Das zutiefst Menschliche in uns zu entdecken wird unsere wichtigste Aufgabe im 21. Jahrhundert sein“, so Gerald Hüther. Er ist bekannt als Hirnforscher, Neurobiologe und für seine Bücher. Von seinem Bestseller „Würde – Was uns stark macht – als Einzelne & als Gesellschaft“ bis zu seiner Neuerscheinung – ebenso ein Spiegelbestseller – „Lieblosigkeit macht krank“ wird er von einem breiten Publikum für seine lebendige und verständliche Vermittlung von Wissenschaft wertgeschätzt. In einem 50-minütigen Online-Dialog spricht er in einer gewohnten Klarheit, mit „nährstoffreichem“ Wissen über menschliche Qualitäten, die es in den nächsten Jahren v.a. wegen herausfordernden Krisen bedarf, über seine neue Initiative „liebevoll.jetzt“ und warum der Mensch immer noch im Übergang vom Affen zum Homo Sapiens ist.

Was wir im Augenblick sehen, ist, dass sehr viele Menschen ihre Verbundenheit zum Lebendigen weitgehend verloren haben.“ Wenn Gerald Hüther vom Lebendigen, von der Lebendigkeit spricht, spricht er von der Natur des Selbst, das über die Ich-Begrenzung hinausgeht. Von dem, das in uns allen ist, von dem wir umgeben sind. Doch die Form des individuellen, kollektiven Egoismus macht eben „Lärm“, wodurch wir das überhören, übersehen, was eigentlich auch da wäre – genau genommen stets ist, und obendrein nährt, verbindet. „Als Hirnforscher kann ich sagen, dass das durchaus verständlich ist, weil wir Menschen ja keine fest-gefügten genetischen Programme haben, die uns dann dazu bringen, uns einigermaßen so zu verhalten, dass wir nicht ins Unglück rennen. – Wir leiten unser Denken, Fühlen und Handeln von den Vorstellungen ab, die wir im Laufe des Lebens gewonnen haben, worauf es denn im Leben ankommt. – Wir sind im tiefsten Sinne eben Suchende. Und das Merkmal eines Suchenden ist es, dass er sich verirren kann.“ Findet er den Weg nicht mehr zurück, dann führt dies dazu, so Hüther, dass der Lebensweg irgendwann immer unbegehbarer wird, immer mehr Widersprüche entstehen.
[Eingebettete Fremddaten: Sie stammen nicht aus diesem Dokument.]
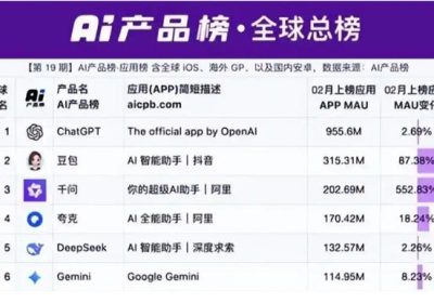 快科技3月3日消息,据媒体报道,AI产品榜最新发布的全球AI应用数据显示,ChatGPT、豆包和千问位列MAU(月活用户数)前三名。 其中,千问以2.03亿MAU跻身全球第三大AI…

Und dann ist es meistens nur noch über eine tiefe Rückbesinnung möglich, den Weg wiederzufinden. – Und ja, wenn man das nicht freiwillig will, dann muss man warten, bis es wirklich nicht mehr weitergeht und man in einer Lebenskrise oder in einer gesellschaftlichen Krise, wie jetzt der ‚Corona Krise‘ gelandet ist.“ Gerald Hüther ist der Auffassung, dass Kinder so früh und viel wie möglich Naturerfahrungen machen sollen, und empfiehlt dies immer noch, doch für Erwachsene versucht er es über einen anderen Ansatz: “Es gibt etwas, was sozusagen das Lebendigste ist, und uns am allernächsten ist. Und das ist nicht draußen die Natur. Das ist unsere eigene Lebendigkeit und deshalb könnten wir uns auch gegenseitig helfen, unsere eigene Lebendigkeit wieder zu entdecken.

Ein guter Schulabschluss ist kein Indikator für Intelligenz, sondern Ausdruck besonders guter Anpassungsfähigkeit.
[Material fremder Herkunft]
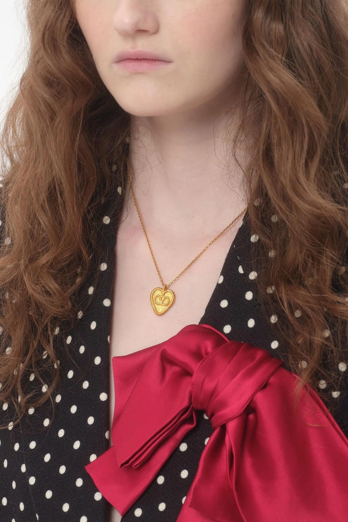 'Fil Perdu' necklace in metal with antique finish, pendant with heart-shaped pattern with hammered pattern and VLogo Signature detail, adjustable snap hook closure.

Doch was braucht es für Kinder in den Schulen, damit Leben gelingt? „Kinder brauchen die Fähigkeit Konflikte zu lösen, die Fähigkeit herauszufinden, was sie überhaupt auf dieser Erde wollen. Sie müssen das Bedürfnis verwirklichen können, was so stark in jedem Kind angelegt ist, sich um etwas zu kümmern, für etwas auf dieser Erde wichtig zu sein – nicht nur für ihr Meerschweinchen. – Aus Gründen, die wir wohl nur selbst herausfinden können, verwehren wir ihnen diese Möglichkeit, sich aus eigenem Antrieb für etwas einzusetzen, das ihnen wichtig ist. Und damit verhindern wir, dass sie sich mit dieser eigenen Lebendigkeit und der daraus erwachsenden Freude am Entdecken und Gestalten, also am Lernen verbinden.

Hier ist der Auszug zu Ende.